S.No. | Ref. Seq. (%) | No. of unaligned reads | Code-length (KB) | Execution time (s) | Length of new Seq. |
---|
1 | 1 | 696 | 128.60 | 0.046 | 14 |
2 | 2 | 696 | 128.73 | 0.031 | 47 |
3 | 5 | 693 | 128.575 | 0.046 | 113 |
4 | 10 | 684 | 127.576 | 0.046 | 229 |
5 | 25 | 668 | 126.615 | 0.093 | 565 |
6 | 50 | 650 | 126.615 | 0.109 | 650 |
7
|
100
|
3
|
14.276
|
0.078
|
2342
|
8 | 150 | 2 | 21.164 | 0.062 | 2341 |
9 | 200 | 2 | 27.808 | 0.124 | 2341 |
10 | 300 | 2 | 41.525 | 0.140 | 2341 |
- The set of reads contained 3817 reads all of which were derived from ‘Influenza A virus (A Puerto Rico 834 (H1N1)) segment 1, complete sequence’. Out of 3817 reads the method extracted 696 unique reads which were then used in the MDL proposed scheme.

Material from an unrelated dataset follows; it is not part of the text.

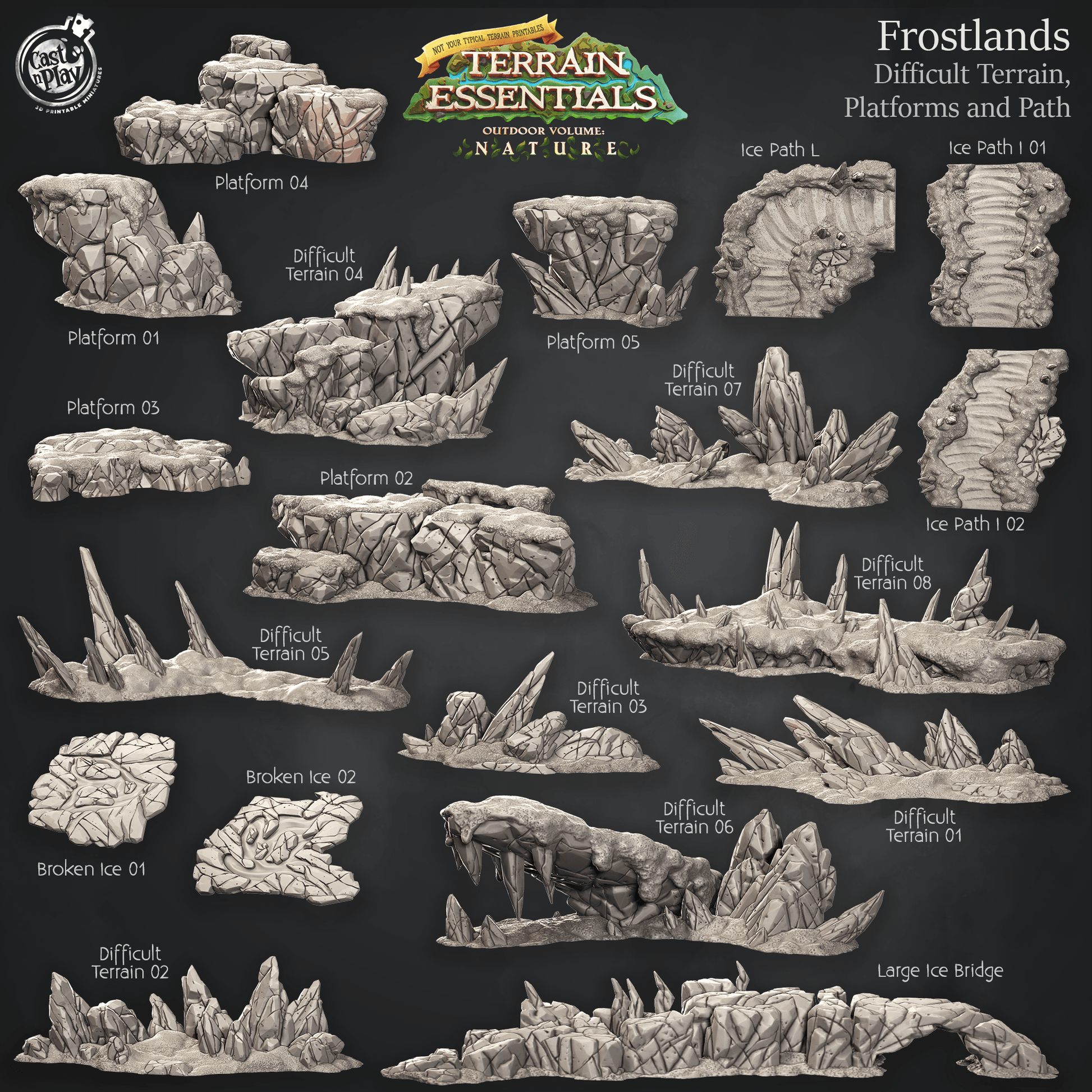 3D Printed Cast n Play Difficult Terrain, Platforms and Path Frostlands Terrain Set Terrain Essentials Nature 28mm 32mm D&D

All the reference sequences were derived from the same Influenza A (H1N1) virus. Ref. Seq. 1% used in S.No. 1, has a length which is 1% of the actual genome. Similarly Ref. Seq. 25% has a length which is a quarter of the length of the actual genome. All other genomes were derived in a similar way. For, e.g., Ref. Seq. 200% has two H1N1 viruses concatenated together making the length twice that of the original H1N1 sequence. The code-length is calculated using Equation (3). The results show that the MDL proposed scheme chooses the best reference sequence, one which has the smallest code-length as determined by Equation (3). The MDL scheme does not choose smaller reference sequences with more unaligned reads rather than choosing larger reference sequence with smaller unaligned reads. The experiment also proves the correctness of the optimal reference sequence as it chooses Ref. Seq. 7, (shown underlined), since it has the smallest code-length, as the optimal reference sequence. It was Ref. Seq. 7 from which all the reads were derived from. Since the MDL scheme chooses Ref. Seq. 7 as the optimal sequence, the experiment also proves the correctness of the reference sequence chosen.